A neural mapping approach that pegs results from more than two dozen previous Alzheimer's studies found that reproducibility improves when trying to isolate symptoms to a brain network rather than a single area of the brain.

This is the first study to use "meta analysis network mapping" to essentially show results from prior studies that can't be reproduced to a single location in the brain are mappable to a distributed network, said Ryan Darby, MD an assistant professor of neurology at Vanderbilt University Medical Center, who is first author of the paper that will run in Brain in January.

"The study changes the assumption for where symptoms or cognitive processes should localize - away from a specific region and toward localizing to a brain network. Changing that assumption improves reproducibility," said Darby.

Neural networks include regions in different parts of the brain that are connected together (akin to distant cities connected by highways), so the study zoomed out its examination to think about symptom-specific circuitry rather than a single spot.
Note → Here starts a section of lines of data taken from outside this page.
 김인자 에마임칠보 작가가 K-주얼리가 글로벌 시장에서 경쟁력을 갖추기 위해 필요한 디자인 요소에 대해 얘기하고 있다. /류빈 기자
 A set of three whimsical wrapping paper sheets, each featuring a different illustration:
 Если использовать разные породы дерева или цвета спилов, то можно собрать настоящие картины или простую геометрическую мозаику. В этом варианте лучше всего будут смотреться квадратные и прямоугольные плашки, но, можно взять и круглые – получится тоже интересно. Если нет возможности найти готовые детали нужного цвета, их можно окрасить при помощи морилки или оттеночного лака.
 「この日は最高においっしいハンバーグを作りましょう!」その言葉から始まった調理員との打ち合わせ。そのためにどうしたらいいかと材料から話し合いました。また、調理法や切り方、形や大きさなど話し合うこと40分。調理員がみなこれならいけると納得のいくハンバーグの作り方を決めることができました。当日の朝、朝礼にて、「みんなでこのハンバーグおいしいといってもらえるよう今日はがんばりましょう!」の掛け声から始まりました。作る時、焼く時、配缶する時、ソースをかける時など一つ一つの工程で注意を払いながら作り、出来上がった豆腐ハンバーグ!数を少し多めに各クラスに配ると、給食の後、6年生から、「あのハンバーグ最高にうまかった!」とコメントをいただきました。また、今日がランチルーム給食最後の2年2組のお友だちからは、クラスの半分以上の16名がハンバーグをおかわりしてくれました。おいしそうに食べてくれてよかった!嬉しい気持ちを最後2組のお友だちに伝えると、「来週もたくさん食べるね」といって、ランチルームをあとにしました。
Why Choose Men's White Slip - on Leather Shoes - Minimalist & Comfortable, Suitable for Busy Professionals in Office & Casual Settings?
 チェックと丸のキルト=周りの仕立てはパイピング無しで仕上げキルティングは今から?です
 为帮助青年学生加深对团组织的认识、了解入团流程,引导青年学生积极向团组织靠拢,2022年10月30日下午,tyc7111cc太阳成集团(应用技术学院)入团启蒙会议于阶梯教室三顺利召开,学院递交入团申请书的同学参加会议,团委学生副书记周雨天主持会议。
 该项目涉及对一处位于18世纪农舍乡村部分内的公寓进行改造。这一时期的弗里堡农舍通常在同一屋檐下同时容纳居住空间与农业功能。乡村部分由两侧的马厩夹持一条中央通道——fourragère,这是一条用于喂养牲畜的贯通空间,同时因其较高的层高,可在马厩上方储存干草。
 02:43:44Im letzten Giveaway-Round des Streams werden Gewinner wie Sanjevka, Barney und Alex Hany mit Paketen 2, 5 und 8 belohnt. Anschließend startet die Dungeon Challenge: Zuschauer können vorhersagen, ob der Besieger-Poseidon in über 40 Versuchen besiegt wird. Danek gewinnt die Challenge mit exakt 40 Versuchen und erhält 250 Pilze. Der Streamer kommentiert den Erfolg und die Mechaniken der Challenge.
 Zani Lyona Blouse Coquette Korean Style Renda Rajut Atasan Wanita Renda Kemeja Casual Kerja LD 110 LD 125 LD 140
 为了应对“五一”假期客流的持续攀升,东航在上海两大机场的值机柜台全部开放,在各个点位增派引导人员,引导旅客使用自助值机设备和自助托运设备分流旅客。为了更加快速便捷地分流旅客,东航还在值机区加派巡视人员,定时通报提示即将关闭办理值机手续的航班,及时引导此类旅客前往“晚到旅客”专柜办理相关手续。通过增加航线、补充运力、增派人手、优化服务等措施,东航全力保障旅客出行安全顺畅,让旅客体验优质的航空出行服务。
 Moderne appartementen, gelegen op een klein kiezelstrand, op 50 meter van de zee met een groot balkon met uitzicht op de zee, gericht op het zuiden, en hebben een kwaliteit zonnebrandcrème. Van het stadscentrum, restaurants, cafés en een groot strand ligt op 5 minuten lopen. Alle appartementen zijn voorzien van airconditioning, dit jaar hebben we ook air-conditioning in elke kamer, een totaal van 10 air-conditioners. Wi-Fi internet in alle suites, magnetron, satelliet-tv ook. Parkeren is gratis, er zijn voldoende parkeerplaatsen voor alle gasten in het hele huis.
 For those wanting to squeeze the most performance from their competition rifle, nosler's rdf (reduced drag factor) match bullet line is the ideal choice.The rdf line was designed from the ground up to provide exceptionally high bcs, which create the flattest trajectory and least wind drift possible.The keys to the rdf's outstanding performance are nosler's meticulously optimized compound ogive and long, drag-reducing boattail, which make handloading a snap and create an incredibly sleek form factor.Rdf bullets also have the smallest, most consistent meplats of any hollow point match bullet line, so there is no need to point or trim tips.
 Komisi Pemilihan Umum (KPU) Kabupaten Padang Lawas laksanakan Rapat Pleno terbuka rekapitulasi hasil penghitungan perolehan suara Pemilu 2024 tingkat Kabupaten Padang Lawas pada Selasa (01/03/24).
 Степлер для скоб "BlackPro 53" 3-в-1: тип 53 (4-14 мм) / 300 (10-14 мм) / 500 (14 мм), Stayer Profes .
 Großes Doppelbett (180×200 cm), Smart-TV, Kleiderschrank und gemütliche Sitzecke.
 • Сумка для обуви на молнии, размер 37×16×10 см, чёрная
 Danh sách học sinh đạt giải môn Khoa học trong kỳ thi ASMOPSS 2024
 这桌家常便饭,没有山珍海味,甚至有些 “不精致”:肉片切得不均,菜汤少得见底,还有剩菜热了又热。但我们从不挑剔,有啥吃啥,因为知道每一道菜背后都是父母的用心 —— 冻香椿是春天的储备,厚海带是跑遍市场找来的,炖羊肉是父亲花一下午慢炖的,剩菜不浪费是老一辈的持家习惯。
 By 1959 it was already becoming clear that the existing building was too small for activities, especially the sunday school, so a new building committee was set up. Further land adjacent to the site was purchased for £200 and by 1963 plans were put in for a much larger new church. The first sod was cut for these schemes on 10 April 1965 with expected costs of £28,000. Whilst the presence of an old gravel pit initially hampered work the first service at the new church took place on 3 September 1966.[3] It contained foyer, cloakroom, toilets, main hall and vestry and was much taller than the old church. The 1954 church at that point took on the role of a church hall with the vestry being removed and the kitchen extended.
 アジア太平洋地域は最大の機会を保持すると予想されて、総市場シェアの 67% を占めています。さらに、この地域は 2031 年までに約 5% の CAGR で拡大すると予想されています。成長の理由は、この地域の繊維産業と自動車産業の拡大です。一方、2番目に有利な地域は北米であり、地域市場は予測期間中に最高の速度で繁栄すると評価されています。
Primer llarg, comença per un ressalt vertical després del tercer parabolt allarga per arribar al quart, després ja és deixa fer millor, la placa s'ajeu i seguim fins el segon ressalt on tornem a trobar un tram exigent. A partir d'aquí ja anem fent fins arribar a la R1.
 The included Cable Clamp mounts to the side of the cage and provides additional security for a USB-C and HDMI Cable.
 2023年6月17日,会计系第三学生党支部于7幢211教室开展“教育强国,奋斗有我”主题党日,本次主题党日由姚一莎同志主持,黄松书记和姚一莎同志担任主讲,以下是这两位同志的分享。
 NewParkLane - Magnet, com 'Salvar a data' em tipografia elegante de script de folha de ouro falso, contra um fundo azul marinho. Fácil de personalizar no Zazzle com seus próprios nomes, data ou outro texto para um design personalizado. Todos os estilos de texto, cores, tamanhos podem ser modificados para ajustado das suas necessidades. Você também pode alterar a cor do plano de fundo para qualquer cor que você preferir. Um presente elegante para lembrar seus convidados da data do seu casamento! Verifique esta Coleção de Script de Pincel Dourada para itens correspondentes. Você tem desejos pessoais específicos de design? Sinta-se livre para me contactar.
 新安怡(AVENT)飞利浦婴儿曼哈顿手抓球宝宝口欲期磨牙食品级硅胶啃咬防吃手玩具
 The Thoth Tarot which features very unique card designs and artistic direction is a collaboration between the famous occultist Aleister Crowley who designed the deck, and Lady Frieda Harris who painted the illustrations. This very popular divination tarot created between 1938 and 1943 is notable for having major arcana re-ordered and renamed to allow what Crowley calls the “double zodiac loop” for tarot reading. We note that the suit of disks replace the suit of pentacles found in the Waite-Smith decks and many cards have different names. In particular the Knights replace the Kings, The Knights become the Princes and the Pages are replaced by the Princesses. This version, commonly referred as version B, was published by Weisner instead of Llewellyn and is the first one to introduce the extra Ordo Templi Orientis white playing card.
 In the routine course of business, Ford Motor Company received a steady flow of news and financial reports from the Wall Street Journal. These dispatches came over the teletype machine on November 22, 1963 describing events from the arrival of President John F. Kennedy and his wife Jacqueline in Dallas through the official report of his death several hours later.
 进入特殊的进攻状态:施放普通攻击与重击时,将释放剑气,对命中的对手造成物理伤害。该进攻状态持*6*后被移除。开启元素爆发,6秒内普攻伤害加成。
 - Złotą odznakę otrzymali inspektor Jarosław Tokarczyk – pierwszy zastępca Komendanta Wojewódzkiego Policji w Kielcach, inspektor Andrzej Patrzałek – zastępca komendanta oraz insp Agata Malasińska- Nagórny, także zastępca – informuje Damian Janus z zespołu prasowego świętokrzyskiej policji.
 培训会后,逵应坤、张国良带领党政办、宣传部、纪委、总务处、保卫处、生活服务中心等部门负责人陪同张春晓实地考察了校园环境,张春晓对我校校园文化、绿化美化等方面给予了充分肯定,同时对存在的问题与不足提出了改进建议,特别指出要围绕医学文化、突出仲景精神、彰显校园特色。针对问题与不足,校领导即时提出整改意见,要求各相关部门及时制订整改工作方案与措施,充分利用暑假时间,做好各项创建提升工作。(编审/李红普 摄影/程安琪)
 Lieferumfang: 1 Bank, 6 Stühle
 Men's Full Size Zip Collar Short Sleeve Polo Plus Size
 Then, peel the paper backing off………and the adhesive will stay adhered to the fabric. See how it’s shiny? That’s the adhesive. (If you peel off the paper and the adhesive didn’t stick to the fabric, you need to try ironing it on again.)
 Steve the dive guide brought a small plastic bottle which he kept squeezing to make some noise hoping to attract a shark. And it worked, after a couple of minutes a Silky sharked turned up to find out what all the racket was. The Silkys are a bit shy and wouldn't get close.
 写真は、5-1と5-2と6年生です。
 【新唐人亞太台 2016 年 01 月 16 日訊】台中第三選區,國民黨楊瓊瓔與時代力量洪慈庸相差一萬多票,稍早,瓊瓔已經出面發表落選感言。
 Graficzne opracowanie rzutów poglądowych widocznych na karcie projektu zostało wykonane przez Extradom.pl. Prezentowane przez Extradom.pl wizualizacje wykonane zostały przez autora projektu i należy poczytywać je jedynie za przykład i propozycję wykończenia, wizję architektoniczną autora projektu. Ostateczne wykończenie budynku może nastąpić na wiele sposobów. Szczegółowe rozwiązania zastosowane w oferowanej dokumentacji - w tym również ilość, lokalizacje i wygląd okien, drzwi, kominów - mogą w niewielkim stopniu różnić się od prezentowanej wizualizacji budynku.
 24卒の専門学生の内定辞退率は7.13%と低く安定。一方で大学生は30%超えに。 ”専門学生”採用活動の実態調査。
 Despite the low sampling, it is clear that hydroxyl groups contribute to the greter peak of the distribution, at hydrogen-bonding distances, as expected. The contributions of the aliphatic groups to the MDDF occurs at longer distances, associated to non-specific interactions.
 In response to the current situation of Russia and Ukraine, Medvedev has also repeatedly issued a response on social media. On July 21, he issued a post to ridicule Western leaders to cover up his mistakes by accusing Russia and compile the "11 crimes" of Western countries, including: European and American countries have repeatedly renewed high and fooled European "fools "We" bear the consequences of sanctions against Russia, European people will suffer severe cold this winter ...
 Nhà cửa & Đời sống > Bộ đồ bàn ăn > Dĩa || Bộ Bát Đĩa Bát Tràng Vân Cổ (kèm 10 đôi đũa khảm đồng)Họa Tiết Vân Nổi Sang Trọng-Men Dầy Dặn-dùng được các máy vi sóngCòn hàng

Of the 26 Alzheimer's studies examined, reproducibility to a specific region came to 20 to 30 percent - a low rate that highlights one of the persistent challenges in studies. But when looking at reproducibility to a network, the rate surged to 100 percent.

Darby called the results powerful.

The inquiry started with Alzheimer's disease and dementia because the theory in those disorders suggests it spreads across connected brain networks.

The study also found that studies of Alzheimer's disease patients with delusions localized to the same brain network that Darby found associated with brain lesions causing delusions. In the future he wants these findings and method to shed light on a path to therapy by identifying the symptom-specific brain network.

"We're hoping to look at individual patients with dementia and then eventually individual psychiatric patients. What we hope to see is that there actually is a consistent localization for the same symptom across different diseases, which is hard because different diseases disrupt brain function in different ways- but if we unite things at a network level then we can ask, 'is this the common way to understand this symptom across different diseases?' That's what I hope," said Darby.